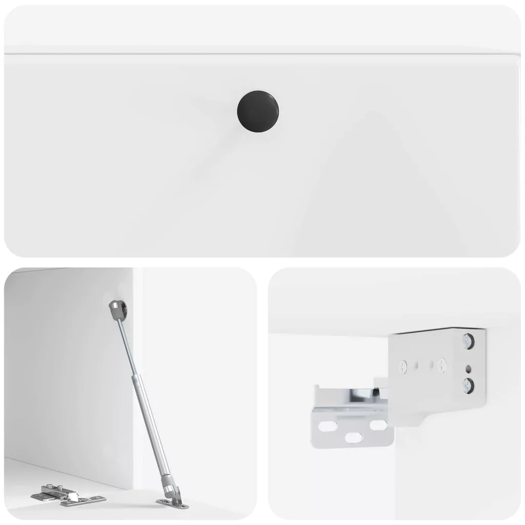- Szállított elemek: 90°-ban nyíló ajtókkal, a szekrény praktikus fém csavarokkal van felszerelve, amelyek megkönnyítik a tárolók elérését. Minden alkatrész gondosan megtervezett, biztosítva a egyszerű használhatóságot anélkül, hogy rendetlenséget okozna. A falra szerelhető dizájn a maximális padlófelület kihasználására összpontosít, így kifogástalanul illeszkedik a nappalikba.
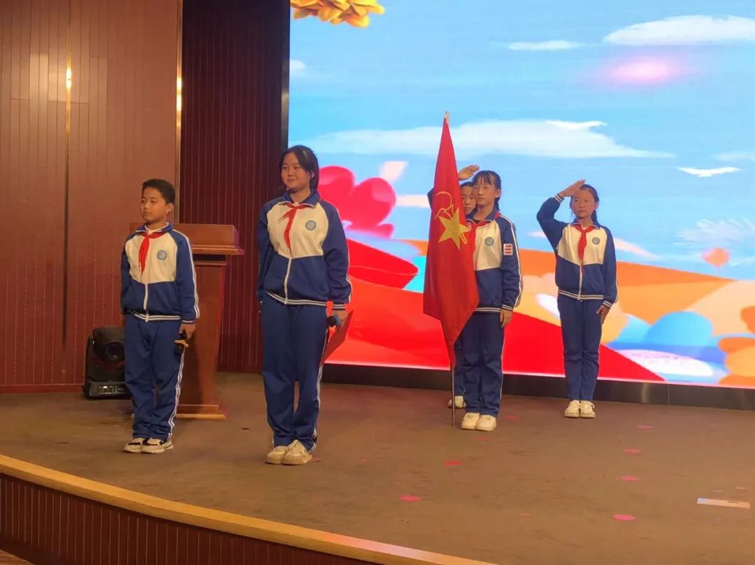 少先队的队旗是少先队组织的标志。队旗寓意着中国少年先锋队在中国共产党的领导下,向着光明的未来前进。伴随着有力的出旗曲,旗手与护旗手步伐整齐、精神抖擞。
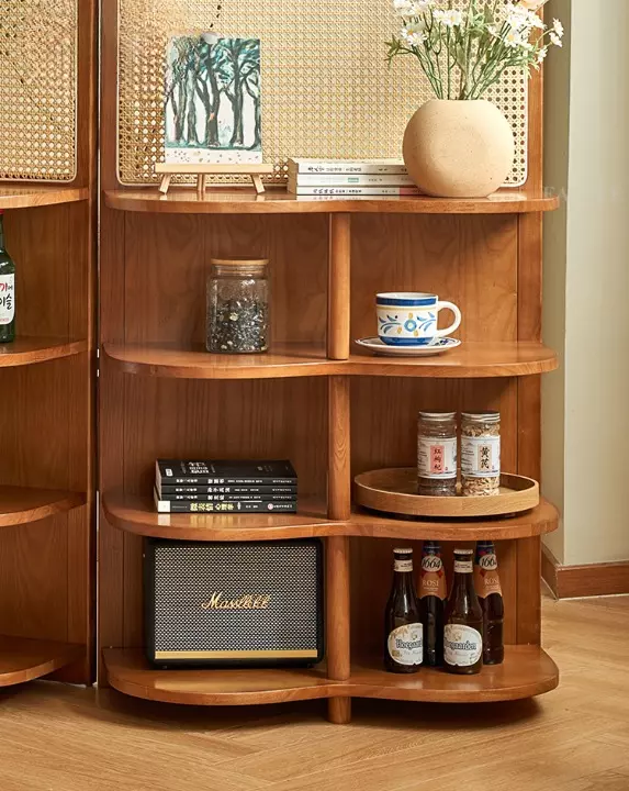 اللون الأساسي لهذا البارتشن هو اللون الخشبي الطبيعي، الذي يضفي إحساسًا بالدفء والراحة في المكان.
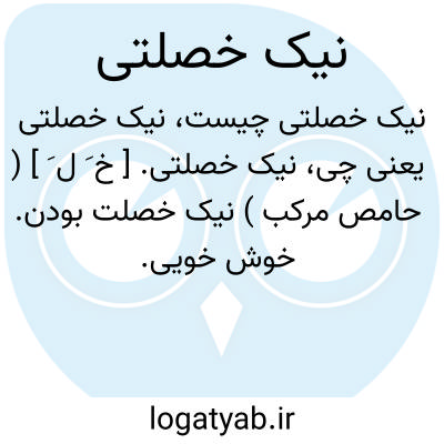 نیک خصلتی. [ خ َ ل َ ] ( حامص مرکب )
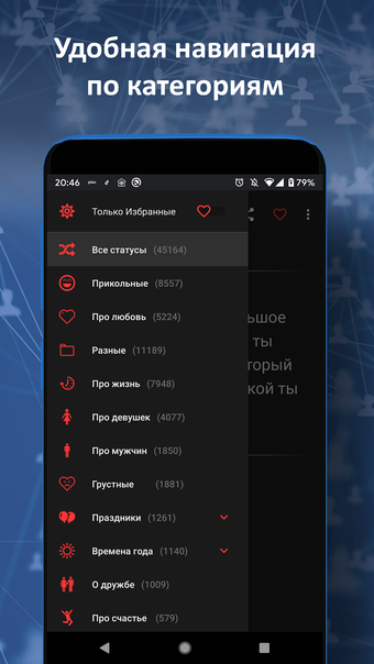 Интересные и красивые Статусы is een Android-applicatie die meer danstatusupdates biedt, perfect voor sociale media, sms en chat. De app is ingedeeld in verschillende categorieën zoals liefde, leven, humor, en vriendschap, waardoor gebruikers eenvoudig de juiste status kunnen vinden voor elke situatie. Met een gebruiksvriendelijke interface kunnen gebruikers snel door de diverse secties navigeren en hun favoriete statusupdates opslaan.
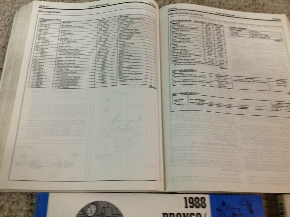 1988 Ford F-150/250/350/BRONCO/F-Super Duty/Econoline Specifications Manual
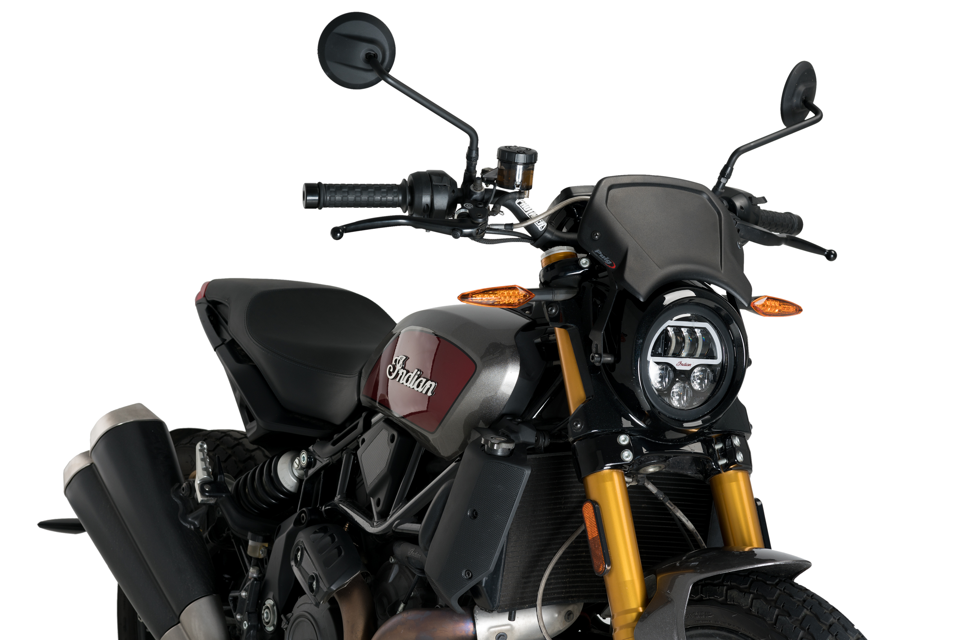 Per quanto riguarda il montaggio, la carenatura frontale in alluminio Puig ha due punti di ancoraggio e un supporto di ferro universale. PUIG ha anche supporti specifici se ne avete bisogno per il vostro modello di moto.
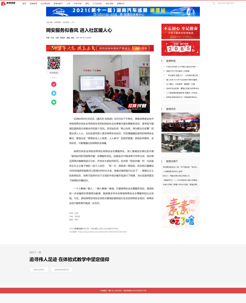4月30日,红网发布《网安服务似春风 进入社区暖人心》。
====
■ **Exercise instructions**
The answer must be the lines of the entries above, written out exactly from the first through the one with "نیک خصلتی. [ خ َ ل َ ] ( حامص مرکب )", and no pictures.

■ **Written response**
- Szállított elemek: 90°-ban nyíló ajtókkal, a szekrény praktikus fém csavarokkal van felszerelve, amelyek megkönnyítik a tárolók elérését. Minden alkatrész gondosan megtervezett, biztosítva a egyszerű használhatóságot anélkül, hogy rendetlenséget okozna. A falra szerelhető dizájn a maximális padlófelület kihasználására összpontosít, így kifogástalanul illeszkedik a nappalikba.
 少先队的队旗是少先队组织的标志。队旗寓意着中国少年先锋队在中国共产党的领导下,向着光明的未来前进。伴随着有力的出旗曲,旗手与护旗手步伐整齐、精神抖擞。
 اللون الأساسي لهذا البارتشن هو اللون الخشبي الطبيعي، الذي يضفي إحساسًا بالدفء والراحة في المكان.
 نیک خصلتی. [ خ َ ل َ ] ( حامص مرکب )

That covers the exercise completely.